Tuesday, August 30, 2011

Lessons From Europe: Africa Needs to Be China's Equal Partner

While it seems South Africa is stuck in old debates on whether doing business with China is a good idea and many keep on raising the issue of Chinese human rights abuses, it seems certain European countries have gone far beyond that debate. They have decided to do business with China and it’s not a case of China moving its structures to Europe and getting business out of the Eurozone – these countries want business to be a two way process and they too are moving their products to the massive Chinese market.

Europe is a small market and while Eurozone countries know they are to be reckoned with as one unit, some companies from this continent now realise they will never make the kind of profits they want if they just stick to their over saturated small continent despite its economic might. Finland is one continent that has realised its isolation and small population will hinder the country’s business progress. Many other companies are trying to follow in the footsteps of Finnish big brother, Nokia, who came from this little known country while it was going through an economic depression in the early 1990s and dominated the mobile phone industry. Nokia Chairperson, Jorma Olilla, believes that it’s important for certain countries to do it alone as economically struggling parts of the Eurozone hinder progress. He believes Greece should have been allowed to fall and crumble rather than be granted a loan that has caused Finland to demand collateral as it seems it would be difficult for Greece to repay this loan. He says maybe Greece should not have been in the Eurozone to begin with in order to recover properly on its own. “They could devalue their currency and if countries devalue their currency then they are able to recover properly,” explains Olilla.

F-Secure is another company that is looking for new methods of reaching ultimate success in the financial times that see much panic and have resulted in the USA losing its AA A rating. The security company is probably best known for its anti-virus software. Its Finnish founder, Riisto Siilasmaa, says although operations predominantly take place in Finland F-Secure does 75% of its business in Africa and Asia. “There’ll be a reverse in economic power from Europe to Asia and Africa,” believes Siilasma.

With this he would encourage most companies to shift their focus to these regions too.

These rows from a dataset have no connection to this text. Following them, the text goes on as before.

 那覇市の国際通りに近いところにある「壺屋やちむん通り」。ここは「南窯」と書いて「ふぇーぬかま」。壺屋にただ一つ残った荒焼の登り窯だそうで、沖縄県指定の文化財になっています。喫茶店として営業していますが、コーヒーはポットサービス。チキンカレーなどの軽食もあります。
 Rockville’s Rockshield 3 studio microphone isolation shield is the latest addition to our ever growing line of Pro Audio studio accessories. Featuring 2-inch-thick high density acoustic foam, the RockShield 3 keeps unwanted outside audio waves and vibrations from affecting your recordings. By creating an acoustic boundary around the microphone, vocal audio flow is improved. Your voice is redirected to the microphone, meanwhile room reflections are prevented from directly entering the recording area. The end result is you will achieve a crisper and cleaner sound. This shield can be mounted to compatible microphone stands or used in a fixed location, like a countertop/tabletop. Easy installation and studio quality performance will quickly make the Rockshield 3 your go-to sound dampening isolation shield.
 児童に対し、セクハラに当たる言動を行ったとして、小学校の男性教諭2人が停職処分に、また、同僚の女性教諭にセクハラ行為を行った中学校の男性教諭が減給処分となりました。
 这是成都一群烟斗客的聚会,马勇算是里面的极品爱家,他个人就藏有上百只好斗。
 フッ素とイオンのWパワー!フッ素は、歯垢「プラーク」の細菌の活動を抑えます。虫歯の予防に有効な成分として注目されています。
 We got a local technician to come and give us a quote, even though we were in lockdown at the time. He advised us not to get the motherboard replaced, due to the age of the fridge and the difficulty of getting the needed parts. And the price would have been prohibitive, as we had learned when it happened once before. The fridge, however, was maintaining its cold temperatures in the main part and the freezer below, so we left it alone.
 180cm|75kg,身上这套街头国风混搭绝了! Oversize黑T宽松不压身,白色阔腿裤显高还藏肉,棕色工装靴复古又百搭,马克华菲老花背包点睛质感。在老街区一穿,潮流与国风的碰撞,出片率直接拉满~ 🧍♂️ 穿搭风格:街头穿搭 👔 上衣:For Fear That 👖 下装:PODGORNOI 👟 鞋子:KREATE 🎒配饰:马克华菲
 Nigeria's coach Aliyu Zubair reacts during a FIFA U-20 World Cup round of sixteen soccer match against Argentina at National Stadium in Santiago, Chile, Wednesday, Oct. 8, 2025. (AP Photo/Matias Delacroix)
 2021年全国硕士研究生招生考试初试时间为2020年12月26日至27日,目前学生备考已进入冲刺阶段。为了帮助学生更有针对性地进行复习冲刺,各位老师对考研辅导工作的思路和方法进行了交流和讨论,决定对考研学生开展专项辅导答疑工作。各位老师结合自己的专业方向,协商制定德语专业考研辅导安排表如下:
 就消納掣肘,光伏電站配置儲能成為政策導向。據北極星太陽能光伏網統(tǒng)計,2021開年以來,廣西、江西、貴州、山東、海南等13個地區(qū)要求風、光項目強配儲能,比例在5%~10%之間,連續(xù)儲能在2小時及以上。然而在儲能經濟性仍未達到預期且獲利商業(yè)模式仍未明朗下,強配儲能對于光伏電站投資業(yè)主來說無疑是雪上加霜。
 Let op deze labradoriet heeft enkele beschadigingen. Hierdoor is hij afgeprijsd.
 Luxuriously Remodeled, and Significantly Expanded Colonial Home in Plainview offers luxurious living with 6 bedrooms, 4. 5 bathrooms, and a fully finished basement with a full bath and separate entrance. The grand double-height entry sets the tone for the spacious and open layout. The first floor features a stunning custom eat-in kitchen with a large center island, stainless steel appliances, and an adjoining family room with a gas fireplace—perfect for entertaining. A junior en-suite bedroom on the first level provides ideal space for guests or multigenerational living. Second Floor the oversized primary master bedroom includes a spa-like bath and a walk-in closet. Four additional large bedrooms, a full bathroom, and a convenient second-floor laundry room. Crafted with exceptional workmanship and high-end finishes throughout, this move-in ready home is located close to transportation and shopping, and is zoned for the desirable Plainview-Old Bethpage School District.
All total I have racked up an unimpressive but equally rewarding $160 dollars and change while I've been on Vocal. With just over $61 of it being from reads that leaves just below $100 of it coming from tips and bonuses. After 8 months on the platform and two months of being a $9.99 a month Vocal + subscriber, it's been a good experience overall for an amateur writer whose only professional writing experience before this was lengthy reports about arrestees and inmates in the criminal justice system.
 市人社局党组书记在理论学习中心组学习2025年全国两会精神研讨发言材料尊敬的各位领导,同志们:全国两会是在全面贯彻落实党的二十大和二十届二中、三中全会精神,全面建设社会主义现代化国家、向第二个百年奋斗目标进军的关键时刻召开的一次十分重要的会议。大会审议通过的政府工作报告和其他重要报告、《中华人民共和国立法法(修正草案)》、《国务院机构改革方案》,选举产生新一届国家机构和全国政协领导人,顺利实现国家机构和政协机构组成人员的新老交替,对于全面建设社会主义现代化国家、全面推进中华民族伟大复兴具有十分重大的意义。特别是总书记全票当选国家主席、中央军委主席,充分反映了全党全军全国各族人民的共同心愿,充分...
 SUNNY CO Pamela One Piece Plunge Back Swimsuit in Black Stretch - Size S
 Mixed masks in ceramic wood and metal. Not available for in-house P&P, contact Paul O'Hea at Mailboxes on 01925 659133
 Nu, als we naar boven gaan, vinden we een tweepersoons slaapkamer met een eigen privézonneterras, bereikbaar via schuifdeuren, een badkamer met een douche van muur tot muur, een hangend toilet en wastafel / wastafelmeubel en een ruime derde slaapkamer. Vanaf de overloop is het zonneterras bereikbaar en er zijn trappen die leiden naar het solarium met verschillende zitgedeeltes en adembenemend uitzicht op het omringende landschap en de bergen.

Siilasmaa says already this change has shown signs as America’s economy has suffered a great deal over the past few years. In 2007 we saw American banks cause a huge economic shake up which resulted in the worst recession of our time. This time around we are seeing a shift as the USA is now asking for money from China. The business sector in Europe believes this is the reason we should realise that America is no longer the super power it used to be and China should be welcomed and successful companies should exploit the Chinese market too bearing in mind that doing business there would be slightly different from how it’s done in the west.

Ole Johansson, President and CEO of Wartsila Corporation, says his company has started doing business with the Chinese and prefers their methods to American methods. “In the USA they would bring you lawyers with a lot of text and it ends up dragging for a long time. Sometimes the language barrier with the Chinese isn’t so much of a problem,” says Johansson.

He believes that some companies fail to produce their products in China for that market as it is a specialised market different from Europe and the Americas. Johansson says the current economic shift from the USA to China is taking things to the way it used to be at the turn of the last century as China was an economy to be reckoned with.

Even many young European economists and economics students are now moving to China and realise that it’s an economy that cannot be ignored. One Hungarian students says she has completed her studies and has just accepted a scholarship to learn Chinese in Beijing. “I want to be a negotiator working with European companies planning to do business with China, not a translator but a negotiator.” She says China will continue being a dominant force during our lifetime and wants to exploit that in her career.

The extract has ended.